YOUR INSTRUCTIONS
From the line containing "V skledi zmešamo" down to the line containing "場(chǎng)地器材:10", copy out the entries below exactly, both lines included, and nothing else; pictures do not belong in the copy.

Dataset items

- Opening Delimiter -

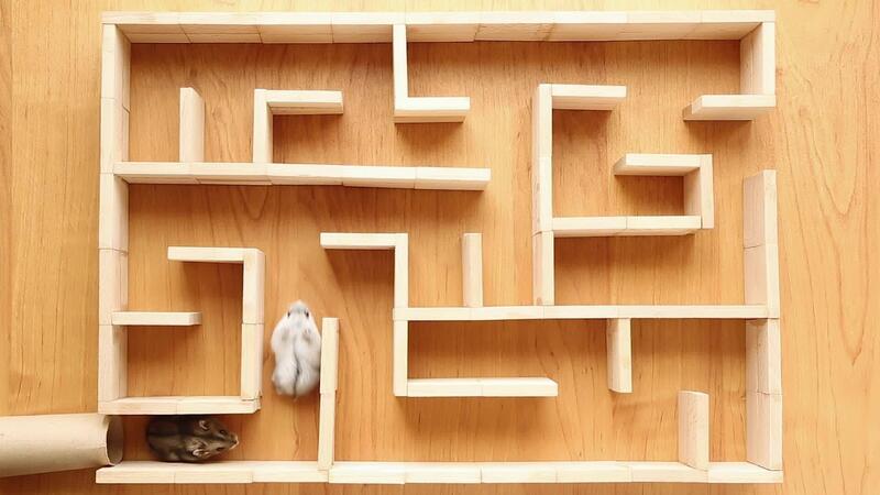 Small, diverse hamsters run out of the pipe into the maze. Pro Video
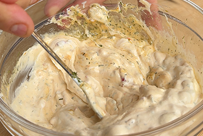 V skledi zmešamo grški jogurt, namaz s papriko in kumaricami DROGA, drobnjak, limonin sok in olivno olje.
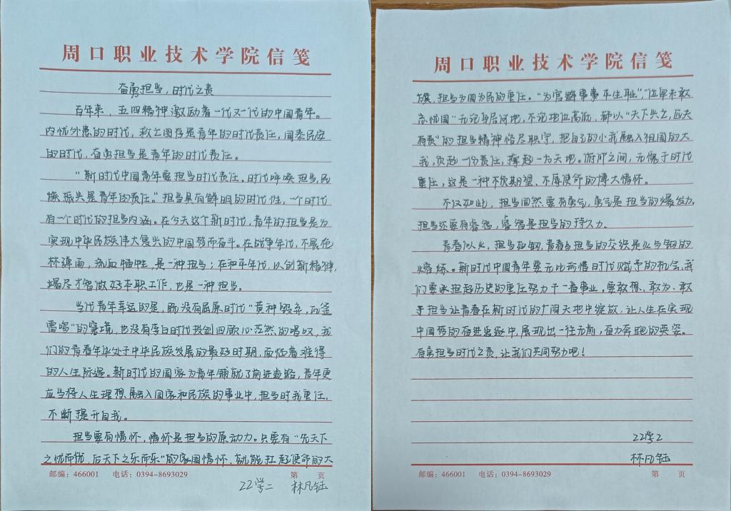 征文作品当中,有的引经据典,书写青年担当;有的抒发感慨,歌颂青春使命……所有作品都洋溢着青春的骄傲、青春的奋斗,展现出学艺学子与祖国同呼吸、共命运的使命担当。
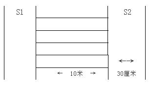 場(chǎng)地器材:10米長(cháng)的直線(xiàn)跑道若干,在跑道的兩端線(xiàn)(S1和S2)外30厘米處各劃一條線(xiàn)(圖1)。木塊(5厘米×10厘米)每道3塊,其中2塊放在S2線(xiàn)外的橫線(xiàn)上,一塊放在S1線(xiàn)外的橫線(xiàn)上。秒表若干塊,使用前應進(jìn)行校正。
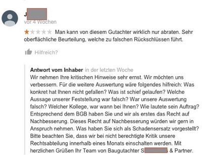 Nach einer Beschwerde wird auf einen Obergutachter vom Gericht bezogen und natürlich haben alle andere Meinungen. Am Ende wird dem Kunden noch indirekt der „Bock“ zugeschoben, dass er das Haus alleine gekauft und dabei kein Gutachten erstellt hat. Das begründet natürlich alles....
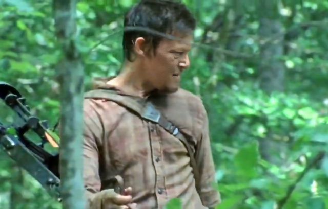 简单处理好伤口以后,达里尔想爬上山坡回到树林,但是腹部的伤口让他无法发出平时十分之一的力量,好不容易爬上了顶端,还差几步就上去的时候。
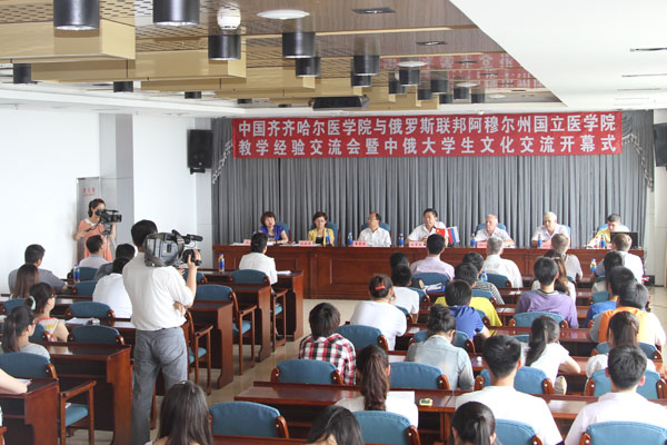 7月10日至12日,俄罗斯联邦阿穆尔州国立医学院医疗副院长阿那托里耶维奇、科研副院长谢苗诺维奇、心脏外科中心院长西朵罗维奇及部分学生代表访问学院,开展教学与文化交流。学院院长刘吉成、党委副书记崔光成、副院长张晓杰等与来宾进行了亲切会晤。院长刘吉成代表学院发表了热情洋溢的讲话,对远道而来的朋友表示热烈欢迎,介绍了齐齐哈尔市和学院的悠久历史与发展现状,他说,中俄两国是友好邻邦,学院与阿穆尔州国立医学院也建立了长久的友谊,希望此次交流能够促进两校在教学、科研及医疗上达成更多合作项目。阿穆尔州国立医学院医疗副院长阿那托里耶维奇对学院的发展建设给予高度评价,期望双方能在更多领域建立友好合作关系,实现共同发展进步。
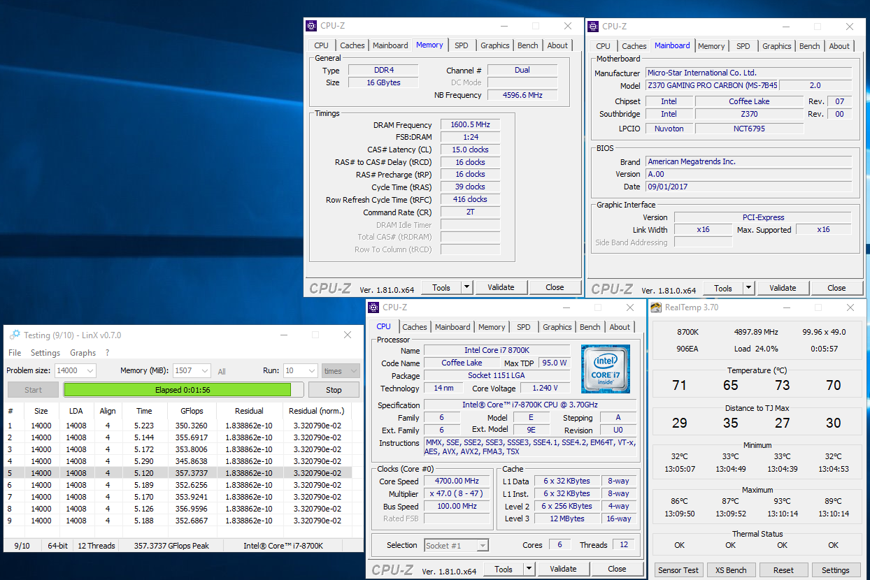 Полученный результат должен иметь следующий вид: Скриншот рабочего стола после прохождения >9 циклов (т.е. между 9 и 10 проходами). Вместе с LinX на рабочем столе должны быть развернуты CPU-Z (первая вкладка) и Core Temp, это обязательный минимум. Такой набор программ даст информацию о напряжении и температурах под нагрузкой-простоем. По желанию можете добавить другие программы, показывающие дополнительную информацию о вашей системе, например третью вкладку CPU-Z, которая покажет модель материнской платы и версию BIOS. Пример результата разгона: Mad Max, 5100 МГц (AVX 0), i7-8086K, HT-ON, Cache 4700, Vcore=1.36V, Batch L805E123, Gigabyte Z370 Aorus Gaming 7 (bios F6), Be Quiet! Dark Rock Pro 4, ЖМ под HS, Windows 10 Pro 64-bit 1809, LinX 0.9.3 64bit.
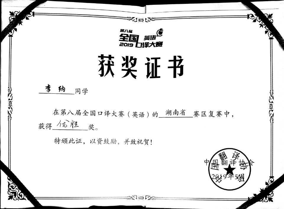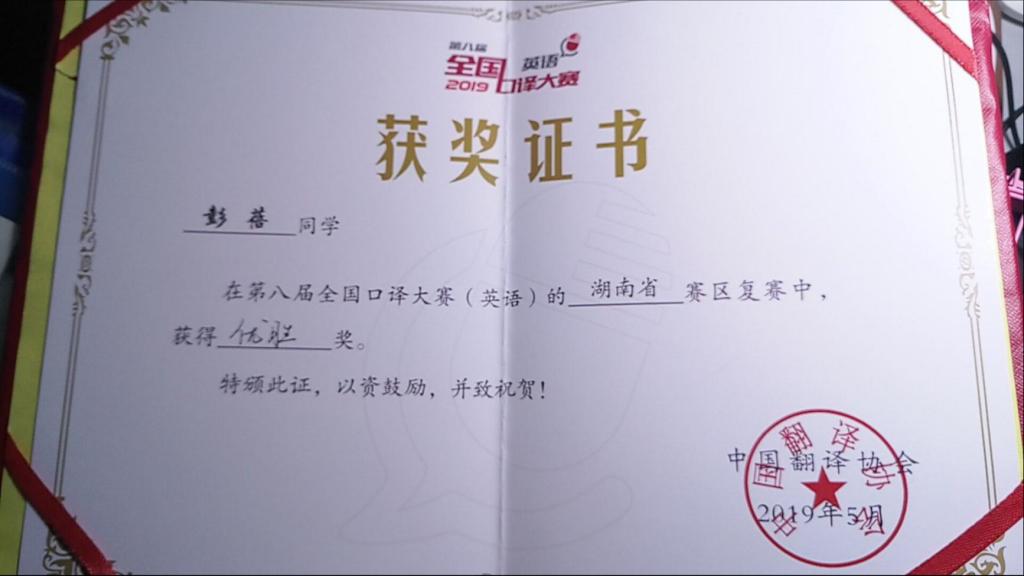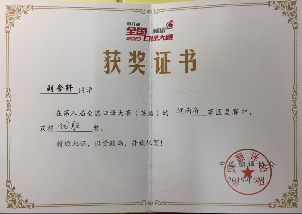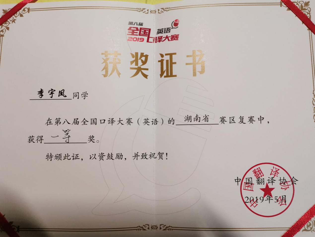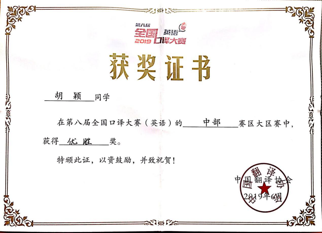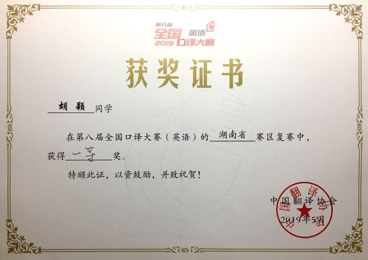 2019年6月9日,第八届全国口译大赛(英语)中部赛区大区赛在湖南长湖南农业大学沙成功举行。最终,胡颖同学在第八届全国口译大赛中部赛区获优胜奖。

- Closing Delimiter -

THE COMPLETED TASK
 V skledi zmešamo grški jogurt, namaz s papriko in kumaricami DROGA, drobnjak, limonin sok in olivno olje.
 征文作品当中,有的引经据典,书写青年担当;有的抒发感慨,歌颂青春使命……所有作品都洋溢着青春的骄傲、青春的奋斗,展现出学艺学子与祖国同呼吸、共命运的使命担当。
 場(chǎng)地器材:10米長(cháng)的直線(xiàn)跑道若干,在跑道的兩端線(xiàn)(S1和S2)外30厘米處各劃一條線(xiàn)(圖1)。木塊(5厘米×10厘米)每道3塊,其中2塊放在S2線(xiàn)外的橫線(xiàn)上,一塊放在S1線(xiàn)外的橫線(xiàn)上。秒表若干塊,使用前應進(jìn)行校正。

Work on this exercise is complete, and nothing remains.